President Trump's announcement that he would sit down with Kim Jong Un came as a global shock. His cancellation of the meeting, not so much.

You didn't have to be a master diplomat to discern that things were rapidly going downhill between the two countries. North Korea may well have backed him into a corner. And a president who places a premium on projecting strength was not going to stand for that.

Amid indications that Kim might back out of the June 12 summit in Singapore, Trump decided to strike first.

While experts analyze the verbal sniping that led up to the cancellation, I think that misses the larger point. When two world leaders want to meet, they ignore divisive rhetoric and sit down together. That was certainly the case with all those Soviet summits from Nikita Khrushchev to Mikhail Gorbachev.

Still, the atmosphere turned chilly from the moment that Kim objected to the U.S.-South Korea military exercises, which he'd previously said were fine. Then came North Korean objections to televised comments by John Bolton when the national security adviser said the administration would follow the Libya model for denuclearization—not exactly appealing words to the North Koreans, since Muammar Qaddafi wound up dead.

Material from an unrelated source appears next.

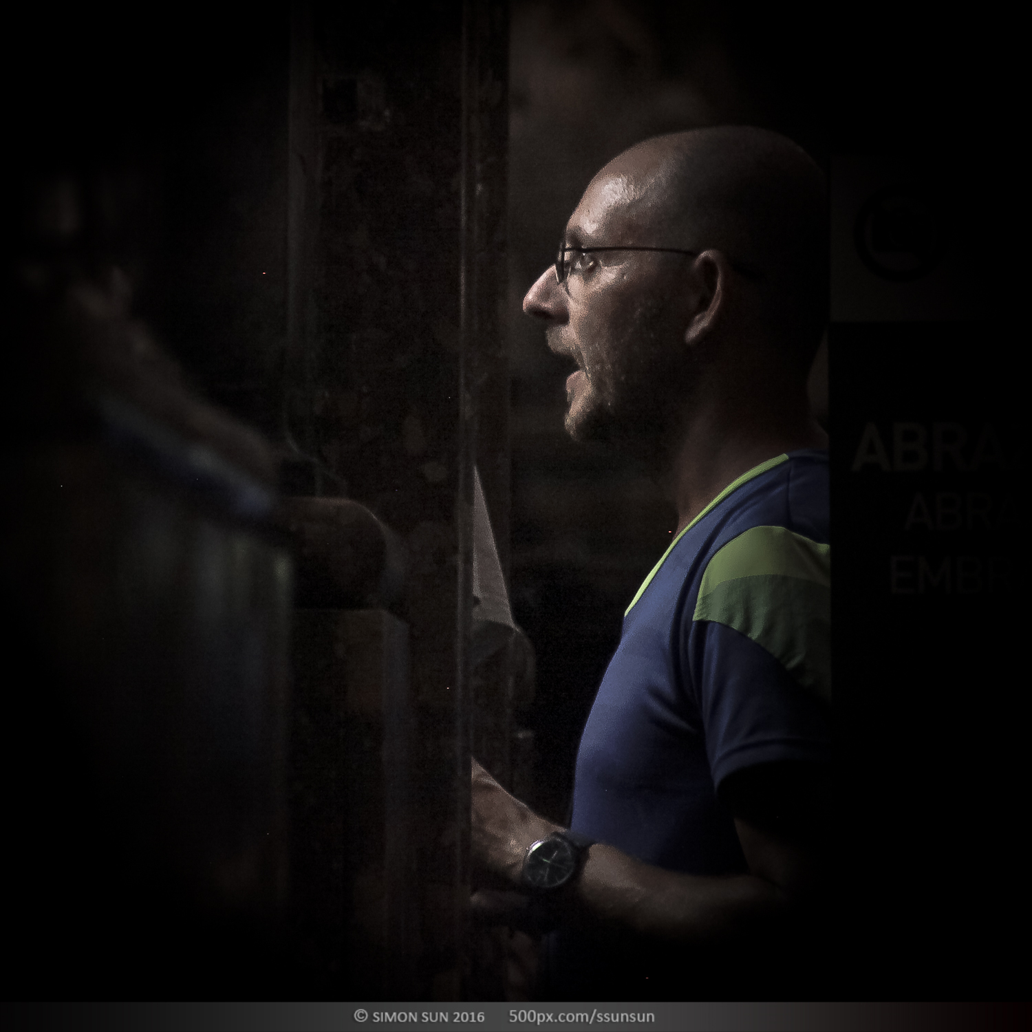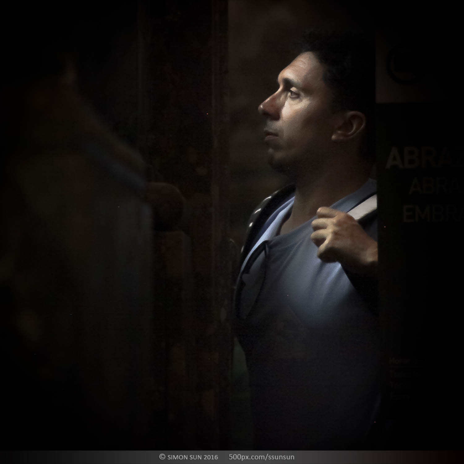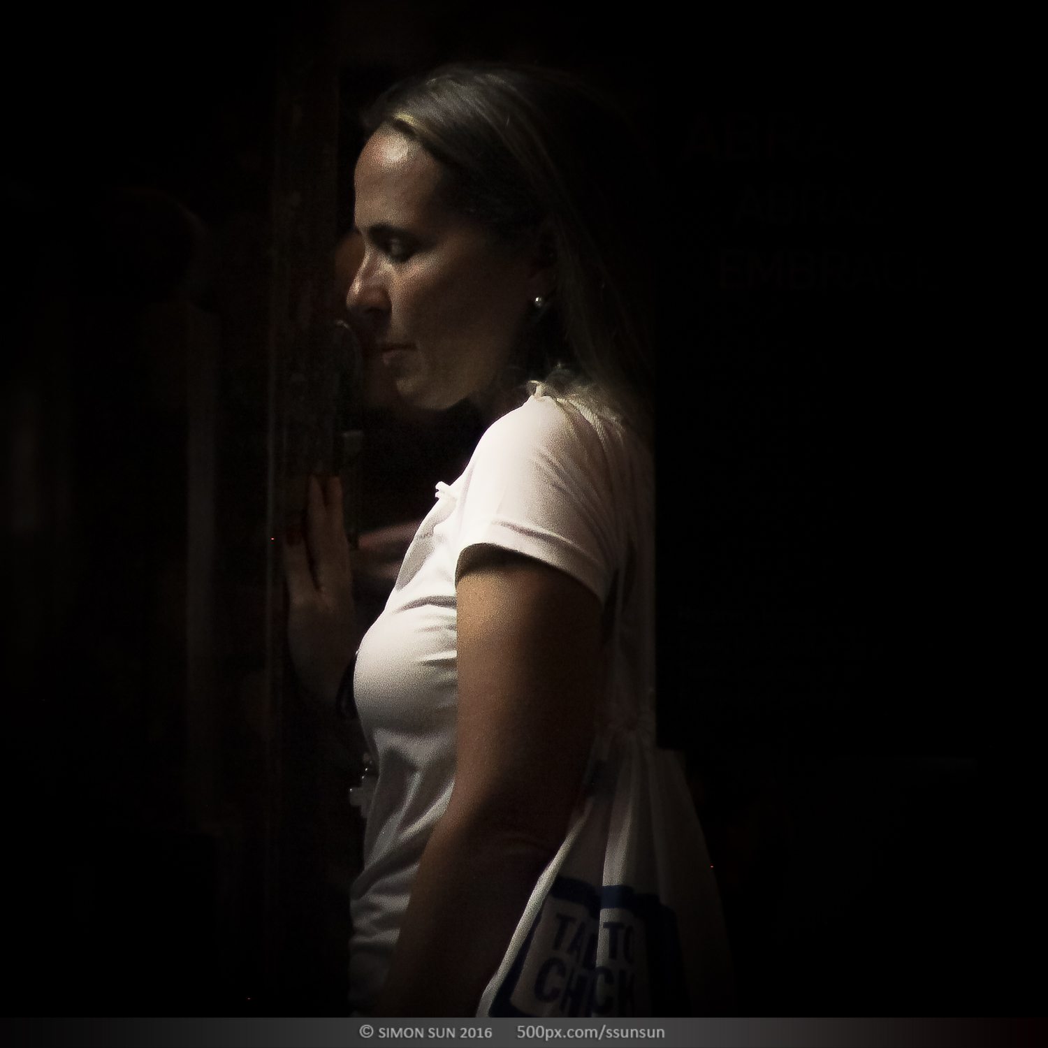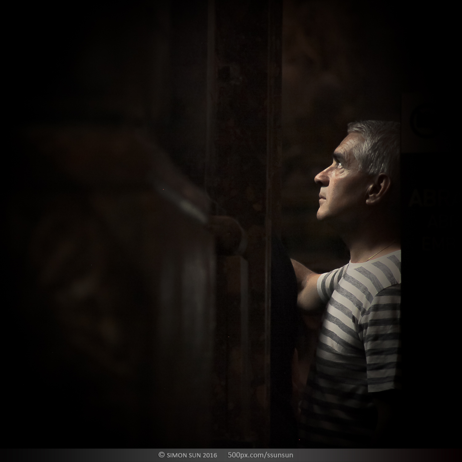 上帝说要有光。圣地亚哥主教大教堂,著名的朝圣之路的终点。这座11世纪建造的教堂祭祀着基督的12门徒之一雅各(圣詹姆斯)。12世纪左右他被推崇为基教西班牙的守护圣人。在地下祭坛中安置着他的遗体,教堂中雅各的雕像终日被朝圣的人群亲吻抚摸,来自世界的不同地方的朝圣者沿着朝圣之路历尽辛苦,最终来到这里,每个人的心情都不同。我躲在一个完全不打搅信徒的位置,记录了他们进入圣殿瞬间的表情。拍摄了昏暗中的100个人。在这里有震惊,有悲伤,有忧郁,有犹豫,有喜悦,有无奈。每个人心中都有自己的圣人,在这一刻,他们其实看见的是自己。

After Vice President Pence told Fox's Martha MacCallum that "this will only end like the Libya model ended if Kim Jong Un doesn't make a deal," the North’s foreign vice minister called Pence a "political dummy" and said it was up to the White House "whether the U.S. will meet us at a meeting room or encounter us at nuclear-to-nuclear showdown."

That may have been the last straw for Trump, who said earlier this week there was a "substantial chance" that the summit would not come off. Yesterday he pulled the plug. No matter that North Korea had just destroyed its nuclear test site, though some experts believe it had been damaged beyond repair.

Donald Trump often walks away from the table, or threatens to, as he did as a New York businessman. He has spoken of pulling out of NAFTA several times. He vowed to pull out of the Iranian nuclear deal before finally doing so.

This is, to him, a negotiating style, all part of what he once called the art of the deal. He is, after all, the man who repeatedly denounced Kim as Little Rocket Man and threatened to destroy his country if necessary before becoming his negotiating partner.

Indeed, Trump’s letter to Kim contained some conciliatory notes: "Someday, I look very much forward to meeting you ... If you change your mind having to do with this most important summit, please do not hesitate to call me or write."

That is called leaving the door open.

Some skeptics believed that Trump was giving Kim the world stature conferred by such a meeting without getting anything in return. Others said the U.S. wasn't ready for a nuclear summit, that enough groundwork hadn't been laid for successful talks. In this view, Trump was more interested in the optics of a splashy summit, and a potential Nobel Prize, than in doing the arduous work of negotiating a verifiable disarmament in exchange for the elimination of economic sanctions.

If that's true, the cancellation might buy more time for a successful summit down the road—if such a meeting ever materializes.